The future just ain’t what it used to be

Part of the problem, of course, is that we take our inspiration about the future from famous books and films, which tend to centre around shooting robot prostitutes or coming back to 1984 to save John Connor. Do not be fooled. The future won't look like that. It'll be far, far more boring. Yes, sure, the Times Square of the late twenty first century will probably feature dancing hologram advertisements and other orgasms of cyber-puff if we haven't all been swallowed by rising oceans. But most of us won't be there.We'll be in Wigan. Or Ramsgate. Or in Basingstoke, in an old persons' home. Even in 2070 Basingstoke will still look like Basingstoke; Basingstoke is one of those places that will always look like Basingstoke. The motorway services off a slip-road on the A24 will still be boring in the future - as will rain, or Scrabble, or taking a pee, or Tuesday morning. Even Mark Zuckerberg on the back of your eyeballs won't change that.

This, you see, is the strangest thing about the future: everything you're going through now is just a very slow dress rehearsal for it. The people who will be changing your bedpan in your care home in 2070 aren’t even born yet. The woman who'll replan your town centre is at this very moment watching Peppa Pig over a cup of squirty chocolate milk. If you want to contemplate the real future, your future, remember that a toddler currently spooling mucus into its pram will one day be handing you a melanoma test result with a sympathetic smile and asking if you’re covered for life insurance. 

Life, you see, is just a terminal disease in slow-motion - and one of the symptoms is gradually losing your ability to be suprised by it.

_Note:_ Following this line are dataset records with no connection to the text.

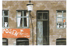
コペンハーゲン街角(リトグラフ) Street Corner in Copenhagen

1962(昭37)年、魁夷は北欧4カ国をめぐるスケッチ旅行に旅立ちました。雪と闇に閉ざされる北国の冬が終わり、春から夏にかけての白夜の季節。厳しくも清らかな自然と素朴な人々に出会い、初めて訪れる土地に心の故郷をみる魁夷の思い出の風景を辿ります。
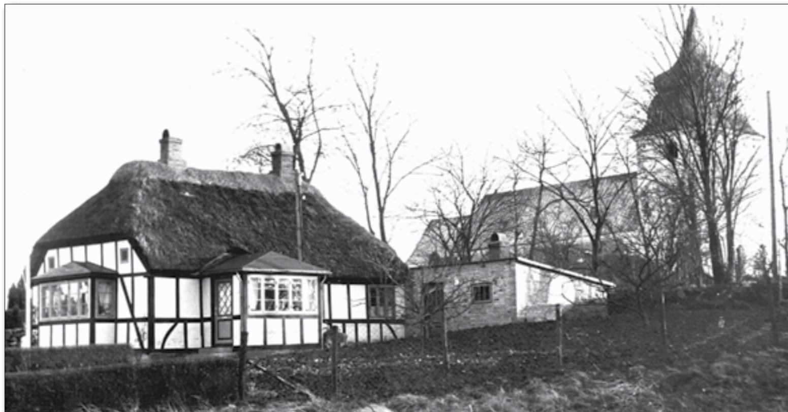
Et billede fra ca. 1950. Bemærk el-masten, lige bag vindfanget. Strømmen kom nede fra præstegårdens område; el-ledningerne fulgt ikke vejen. Vi har fundet forankringer til master både i diget ind til kirkegården, og i det gamle dige.

engang i 1940'erne, og en del af materialerne er gået til den fine karnap og vindfanget, som er sat på huset. Det er nu ikke det første genbrug, der er i huset. Meget af bindingsværket har været brugt andre steder før; man kan se det på de huller, der er lavet i det – huller, som umuligt kan have haft en funktion, der hvor det sidder nu. En stump ser endda ud til, at den har været med i en brand. Træet har endnu haft styrken i sig, og det er derfor blevet brugt. At det var lidt forkullet har ikke betydet noget. Måske har det endda næsten været en fordel, for træ-ædende biller og utøj holder ikke af at tygge i trækul.
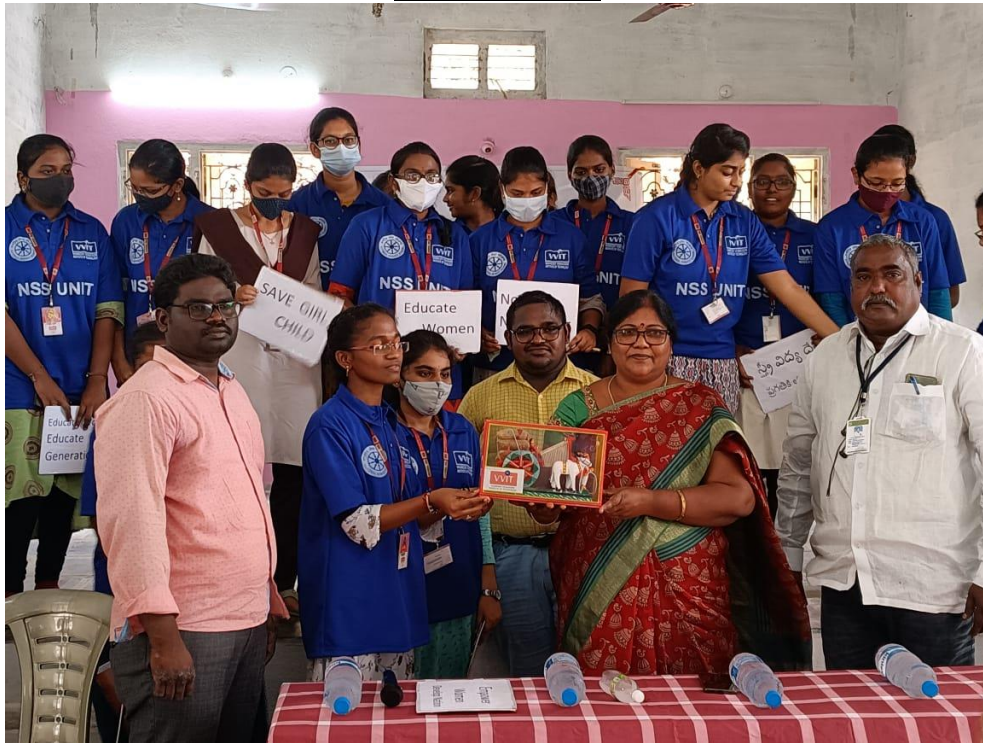
Pic: MDO honored by VVIT NSS unit.

I'm already a fair chunk of the way through, and I can report with some confidence that taking a pee is considerably less thrilling the 59,000th time than it was the first. As are Tuesday mornings - or Scrabble. Or Basingstoke. If I'm really lucky, if everything goes to plan and I survive the deaths of most of my loved ones, I’ll end up dribbling porridge in a care home while a nurse who hasn't been born yet empties my bed pan. Maybe those rising oceans aren't such a bad idea after all.